##### Materials provided #####

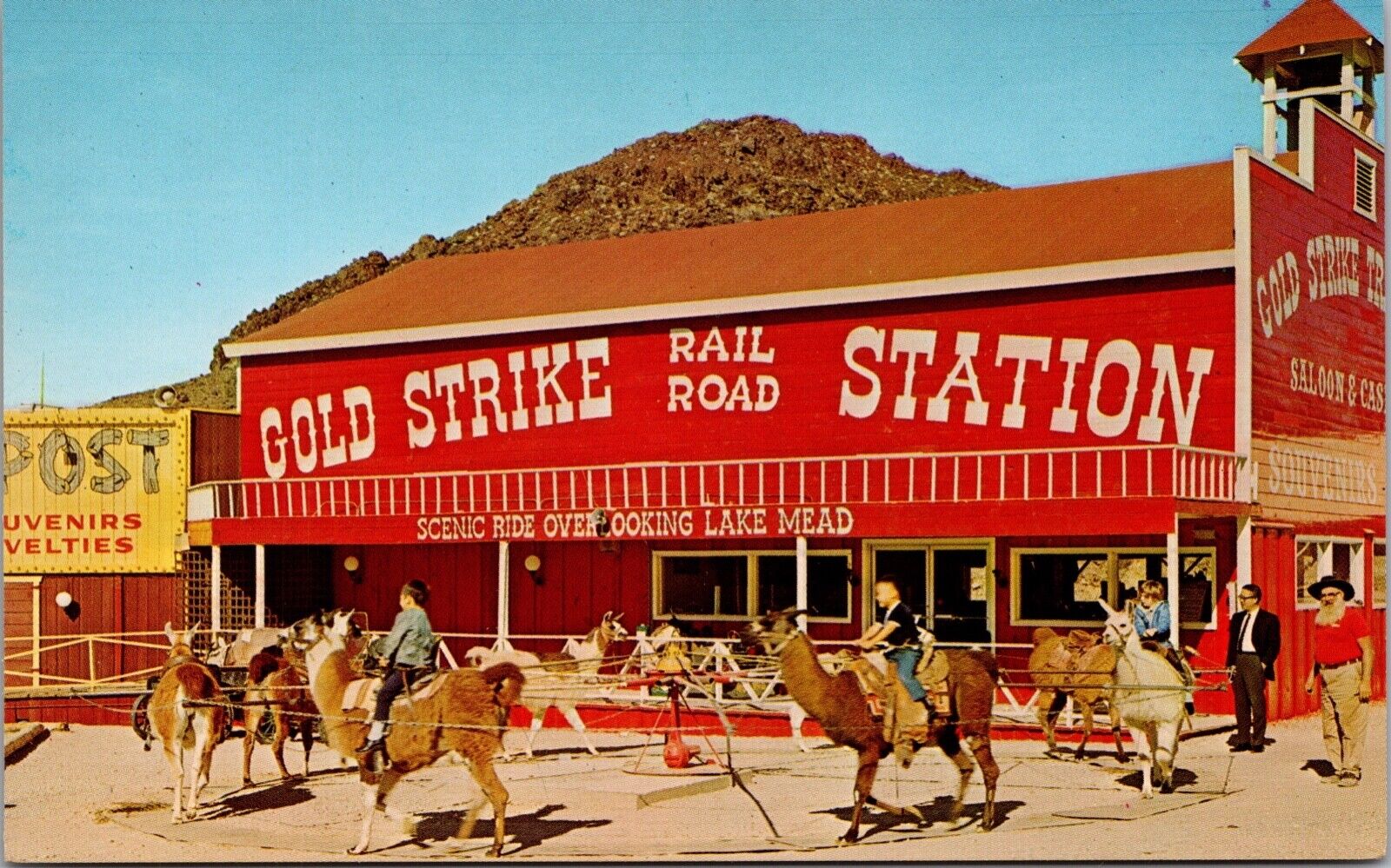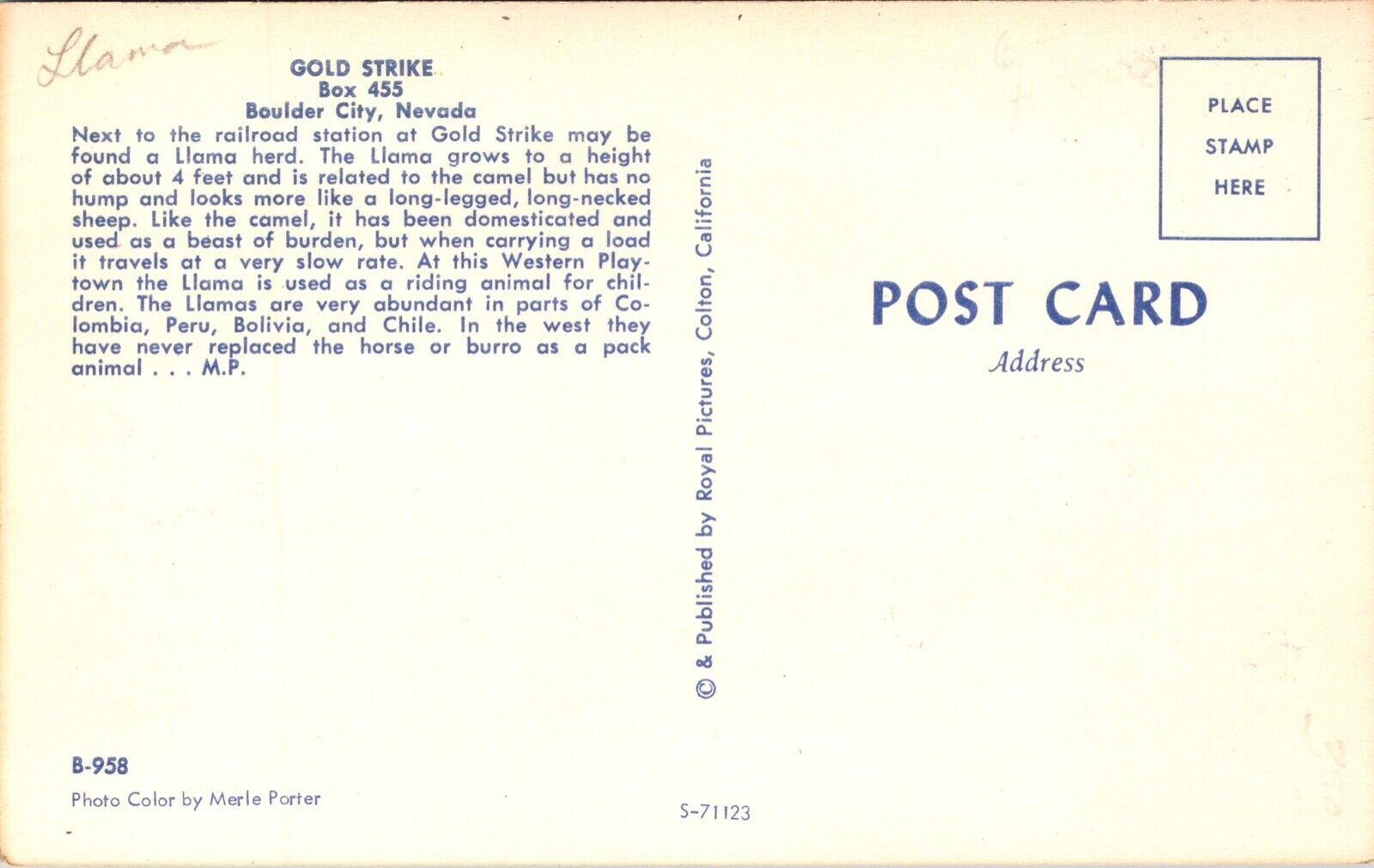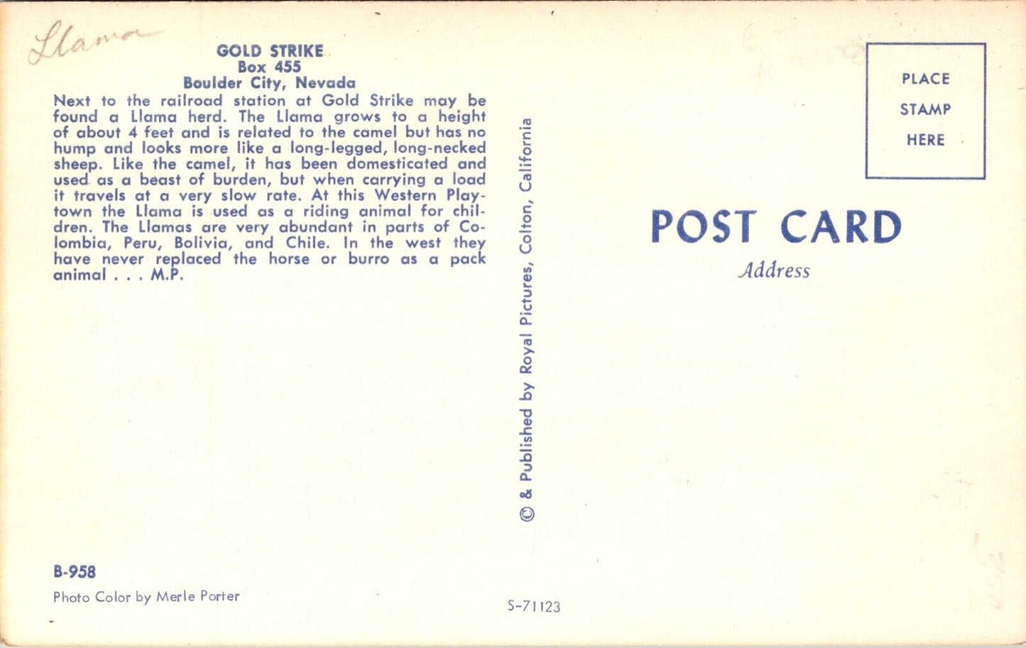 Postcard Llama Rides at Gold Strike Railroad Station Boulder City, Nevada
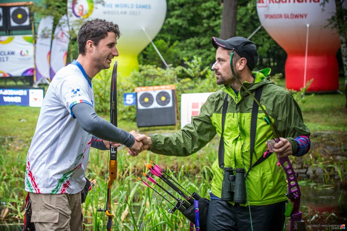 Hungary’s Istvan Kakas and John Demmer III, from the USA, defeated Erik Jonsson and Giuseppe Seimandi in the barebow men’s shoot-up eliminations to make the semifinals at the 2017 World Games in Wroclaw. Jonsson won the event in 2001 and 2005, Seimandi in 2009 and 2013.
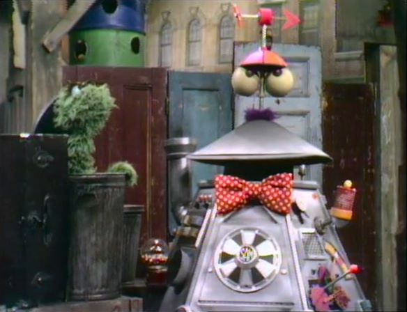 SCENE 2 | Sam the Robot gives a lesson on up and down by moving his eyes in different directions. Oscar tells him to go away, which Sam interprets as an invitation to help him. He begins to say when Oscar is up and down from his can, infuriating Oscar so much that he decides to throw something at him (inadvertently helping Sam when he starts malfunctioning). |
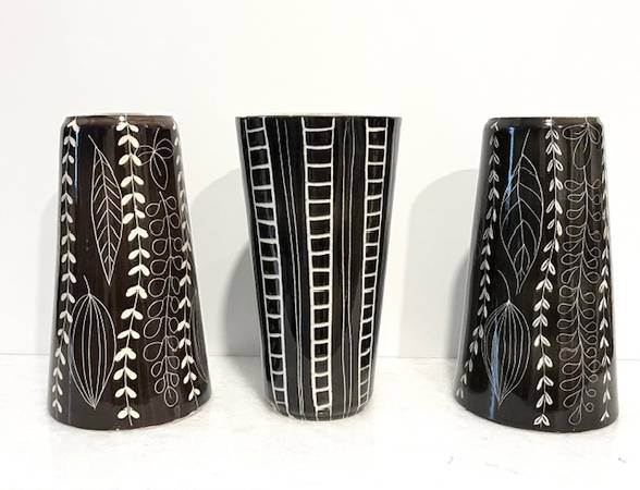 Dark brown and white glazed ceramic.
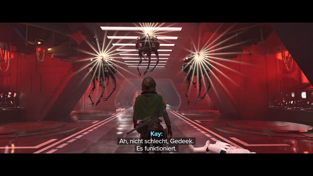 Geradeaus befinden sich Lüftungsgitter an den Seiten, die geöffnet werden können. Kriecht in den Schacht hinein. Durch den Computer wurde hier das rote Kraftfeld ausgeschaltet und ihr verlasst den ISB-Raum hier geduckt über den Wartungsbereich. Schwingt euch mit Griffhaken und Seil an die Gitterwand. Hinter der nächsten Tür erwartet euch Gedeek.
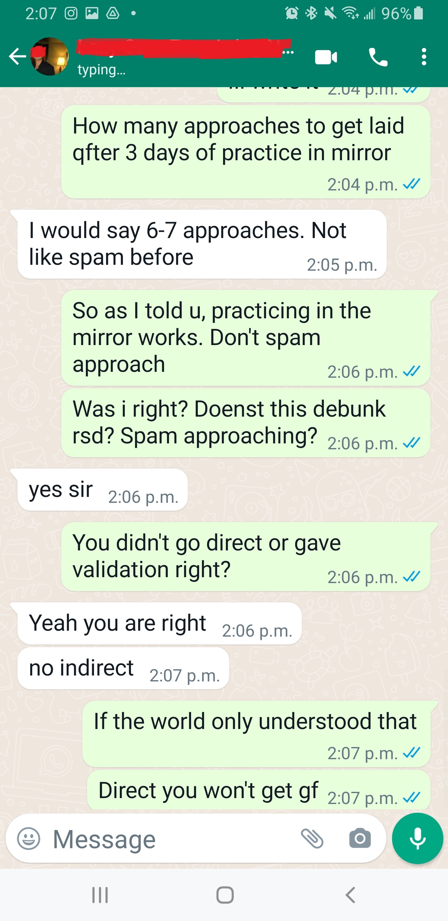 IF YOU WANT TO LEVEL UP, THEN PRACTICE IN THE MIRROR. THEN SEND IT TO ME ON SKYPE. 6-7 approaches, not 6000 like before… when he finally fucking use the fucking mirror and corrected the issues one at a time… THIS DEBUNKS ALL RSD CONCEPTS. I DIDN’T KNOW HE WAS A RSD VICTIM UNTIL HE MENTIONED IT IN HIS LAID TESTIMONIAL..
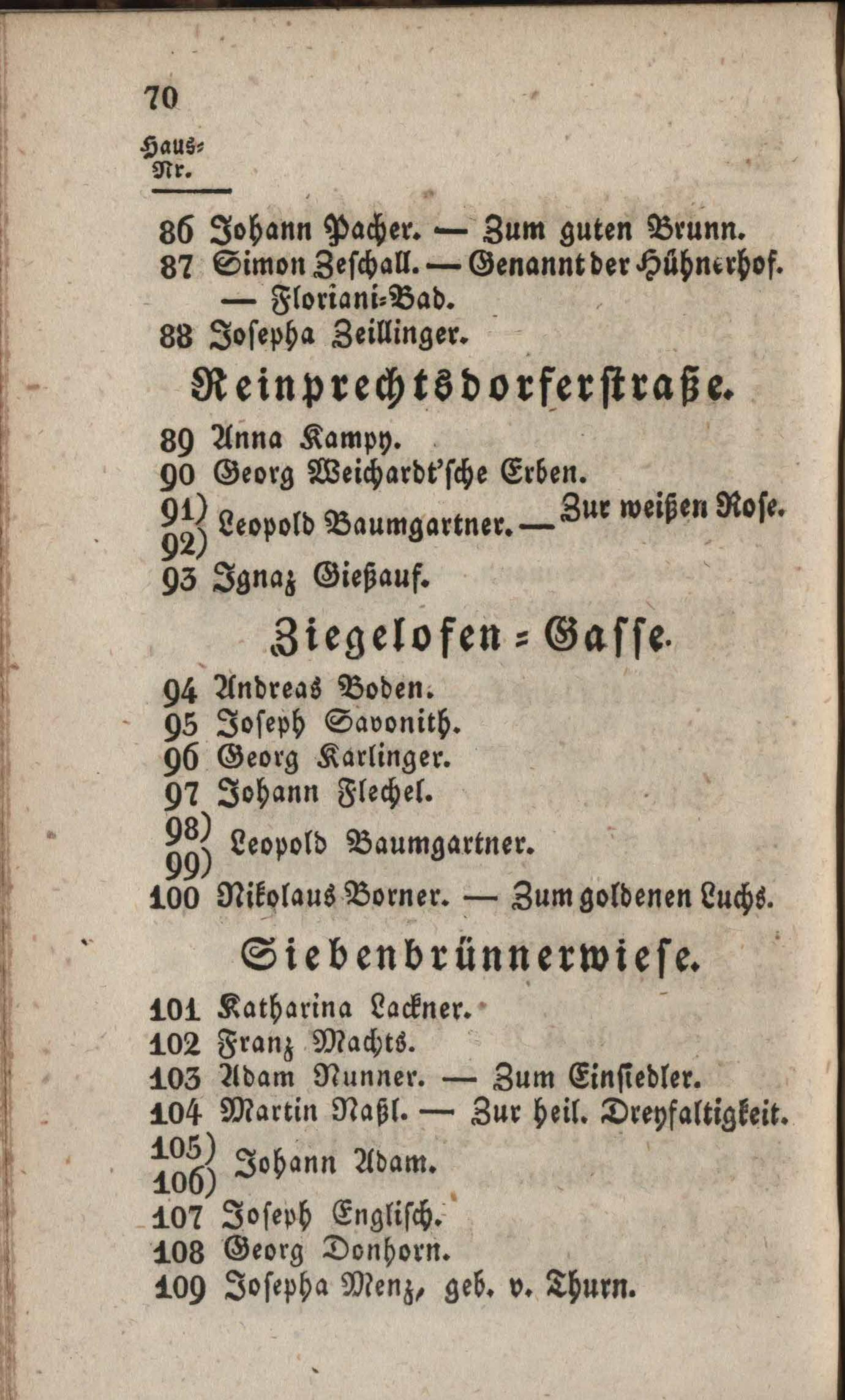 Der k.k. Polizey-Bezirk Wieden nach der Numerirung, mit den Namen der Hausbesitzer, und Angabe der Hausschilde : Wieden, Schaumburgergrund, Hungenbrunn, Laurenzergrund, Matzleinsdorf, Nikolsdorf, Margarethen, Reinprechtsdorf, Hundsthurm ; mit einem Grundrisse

#####

— Your objective —
Above are entries with pictures among them. Write out exactly the lines from the one containing "Dark brown and white glazed ceramic." through the one containing "IF YOU WANT", ends included, and leave those pictures out.

— Answer to the problem —
 Dark brown and white glazed ceramic.
 Geradeaus befinden sich Lüftungsgitter an den Seiten, die geöffnet werden können. Kriecht in den Schacht hinein. Durch den Computer wurde hier das rote Kraftfeld ausgeschaltet und ihr verlasst den ISB-Raum hier geduckt über den Wartungsbereich. Schwingt euch mit Griffhaken und Seil an die Gitterwand. Hinter der nächsten Tür erwartet euch Gedeek.
 IF YOU WANT TO LEVEL UP, THEN PRACTICE IN THE MIRROR. THEN SEND IT TO ME ON SKYPE. 6-7 approaches, not 6000 like before… when he finally fucking use the fucking mirror and corrected the issues one at a time… THIS DEBUNKS ALL RSD CONCEPTS. I DIDN’T KNOW HE WAS A RSD VICTIM UNTIL HE MENTIONED IT IN HIS LAID TESTIMONIAL..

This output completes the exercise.